Enlightening Elders with Art

By Brianna Gleghorn

Senior citizens were able to get to know one another and create conversations about featured artwork at the Senior Art and Learn at The Butler Institute of American Art Feb. 21.

In addition to the event, attendees were also given a tour. A group of art lovers from the Challenges Center in New Castle, Pennsylvania, have been attending this event since it began two years ago.

Challenges Center is a community center that educates adults over the age of 50 in various subjects, including art and providing other services. Karen Craven, from Challenges, has been going to this event for two years.

“We take an art class at Challenges and I was looking online and came across this,” she said. “It happened to be the first time they had it too.”

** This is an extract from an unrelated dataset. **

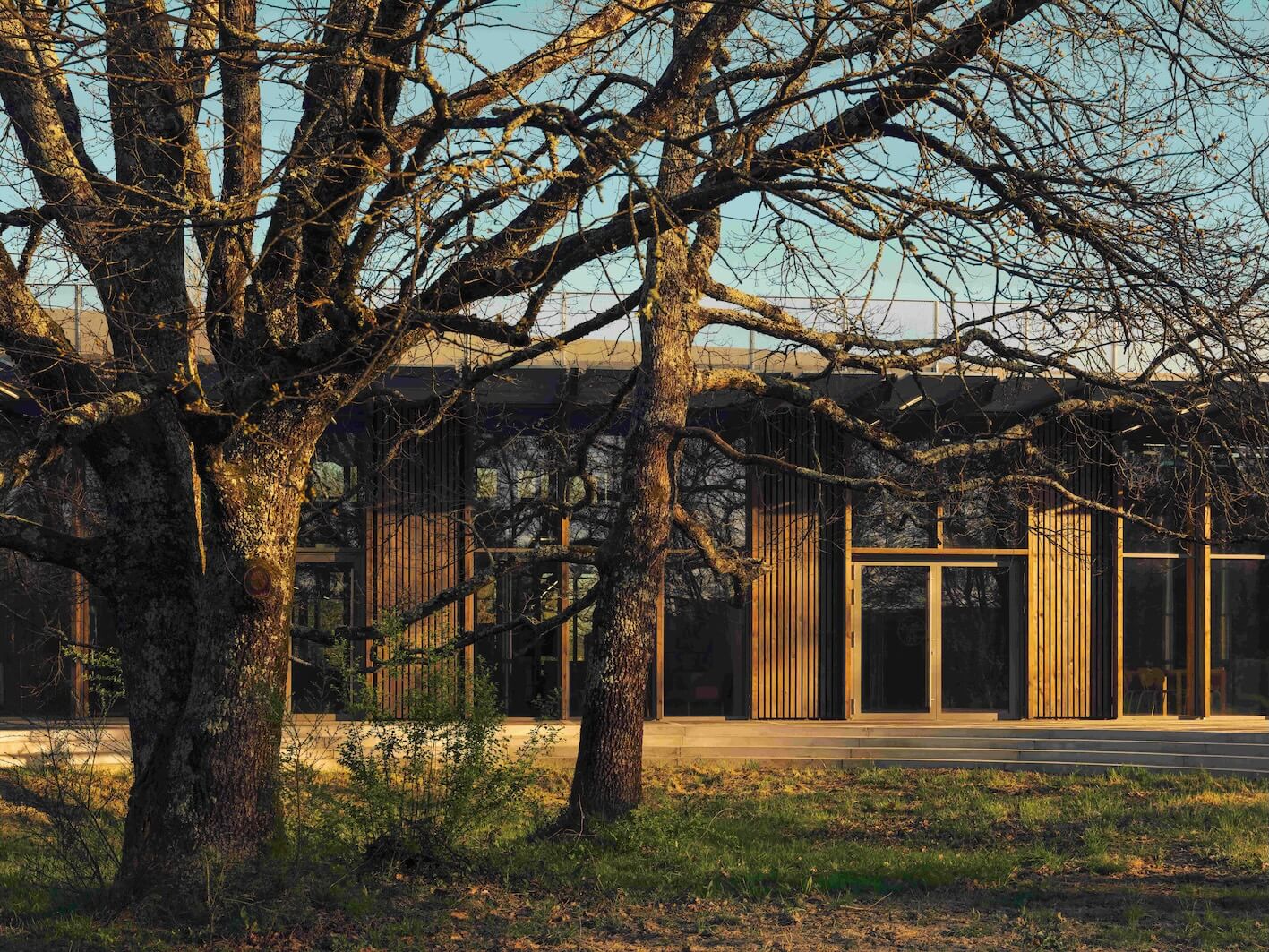 Loupes工坊由位於Bayonne的建築事務所Patrick Arotcharen Architecte操刀設計,該事務所亦曾打造Saint-Vincent-de-Paul據點。坐落於林木環繞的自然環境中,建築彷彿自周圍植被中緩緩浮現,修長造型順應地形輪廓,呼應林間的自然線條,使整體建築與環境融為一體。遮陽棚與通透的門面設計勾勒出和諧的律動感,專為森林環境排導雨水而設計的雙曲線屋頂,成為定調建築風格的重要元素;建築前方一處露台向外延伸,銜接半圓形階梯,中央矗立兩株挺拔的橡樹。工坊沿著南北向佈局,使自然光得以深入工坊核心,穿越可供交流與用餐的大型接待空間後,一條蜿蜒的內部街道串聯八座生產工坊,大面積玻璃立面將樹冠美景盡收眼底,營造出四季皆如置身森林的工作體驗。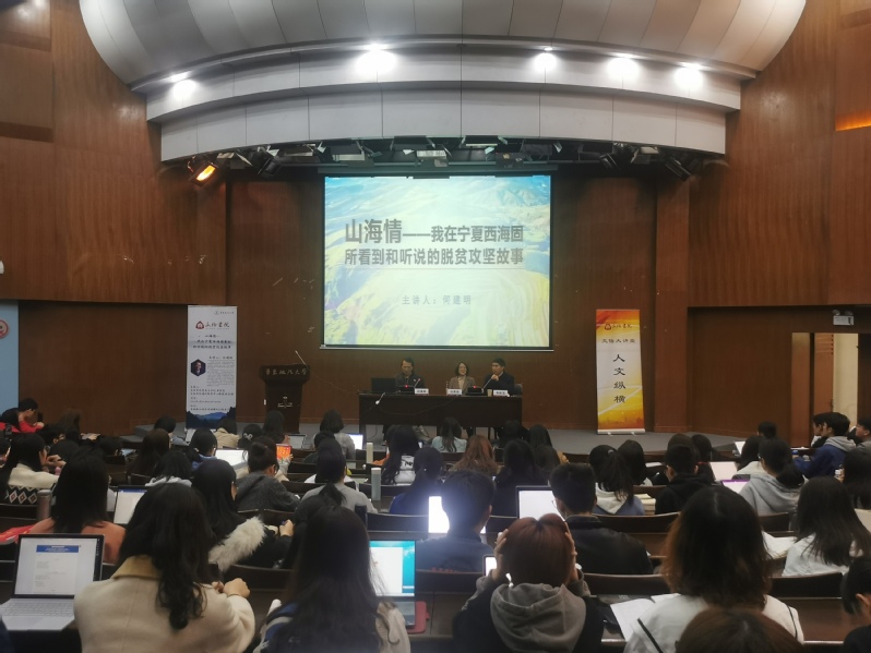 何建明通过多幅西海固贫困写实照片和脱贫后安居乐业的场景照片作为强烈对比,结合讲述几次采访中偶遇的当地扶贫干部故事、村民旅游产业开发、种植养殖产业兴起等蜕变,向在座师生全面呈现了在时任福建省委副书记习近平同志的带领下,经过5年脱贫攻坚战让将近一亿人脱贫的伟大壮举。由此,他对青年一代提出建议,应出去走一走、看一看,亲身体会、感知当今中国一步步的发展脉络。

Photo by Brianna Gleghorn/The Jambar

Craven, being an artist herself, was especially excited for this exhibit because it was her specialty —  pastels. During the tour, she was able to give background on how an artist could achieve a certain look. This gave an inside look into the pieces and how they were created.

The group interpreted the artwork from the Pastel Society of America. This was the 46th annual exhibition.

Lois Martin-Uscianowski manages the Southside Community Garden in Youngstown, which provides children’s garden programs and an annual butterfly festival. This was her first time at the event.

“It was very enlightening,” she said. “I was surprised to see pictures with vivid colors. I also love meeting new people.”

Martin-Uscianowski has returned to Youngstown State University to obtain a degree in nonprofit and human resources and will graduate in the fall. She previously received her degree in criminal justice.

Hannah Moses, a docent from the Butler, led the group through the artwork along with JoAnn Blunt, also a docent.

“It’s fun to talk about art in a group and having that interaction brings new views,” Moses said.

After the “slow looking” of the art, there was a breakfast provided in the Collections Café in the art instutite. Slow looking is examining art, but not glancing quickly at the piece and moving on. This gives the viewer a better chance understanding the piece.

This event is a part of Arts in the Early Morning that the Butler has once a month and is free to the public. The Butler also has Stroller Art for parents of babies up to 24 months old and Young Friends Adventure for children ages two through five.

Each event is on a different Thursday of the month excluding December. The next Senior Art and Learn will be on March 21 at 10 a.m. at the Butler.